Heat map visualization of protein expression data. Each row represents a protein of oncological interest and each column represents a specific compound incubated for 72h at IC₂₀. Markers features whose levels vary significantly (p < 0.05) between at least two treatment groups are projected on the heat map and used for drug response clustering. Analysis of 150 ng of protein extracted from cell lysate collected from bimetallic Titanocref 2 and Titanofin 4, monometallic cref 1, fin 3 and Auranofin treated cells is IC₂₀. Relative expression value of each protein interrogated is plotted in red-green color scale. The red color of the tile indicates high abundance and green indicates low abundance. The color gradients indicate the degree of expression relative to the DMSO control.
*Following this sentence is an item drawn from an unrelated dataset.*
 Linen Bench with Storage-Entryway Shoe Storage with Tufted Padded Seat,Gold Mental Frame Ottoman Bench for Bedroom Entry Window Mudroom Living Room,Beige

The data shown result from two independent trials.

It is evident from the changes in expression we have observed as a result of treatment with Titanocref (2), Titanofin (4) and monometallic Au cref (2), fin (3) and Auranofin that while bimetallic compounds are most often more effective inhibitors than monometallic compounds, the latter do have a non-negligible IL(s) and MMP(s) inhibitory profile rendering them promising anti-cancer candidates (see fin 3).
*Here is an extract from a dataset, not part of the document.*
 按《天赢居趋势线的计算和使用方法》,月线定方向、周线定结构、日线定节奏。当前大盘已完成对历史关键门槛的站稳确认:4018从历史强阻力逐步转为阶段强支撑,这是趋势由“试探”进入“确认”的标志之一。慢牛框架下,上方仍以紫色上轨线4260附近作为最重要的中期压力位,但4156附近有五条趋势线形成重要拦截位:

Owing to the fact that there is limited understanding of the pathways by which metallodrugs achieve efficacy, we performed for 72h at IC₂₀ a protein expression screen of our compounds’ effects on eighty-four cancer-related proteins. We chose the 72h timepoint because no significant effect was observed after 24h 72h at IC₂₀ prior similar assay. From this screen we identified that our compounds had significant effect on nine markers of oncological interest in addition to the fourteen reported earlier in the paper. A salient point arose from our analysis, there seems to be some stratification of markers that are affected by the bimetallic and not the monometallic compounds and vice versa. This stratification represented in a heat map (Figure 7) warrants further exploration. Heat maps are two-dimensional representations of a data set from which one seeks to extract patterns between features such as treatment type for example. The protein expression level values can be arranged using stratification allowing for an informative visual summary.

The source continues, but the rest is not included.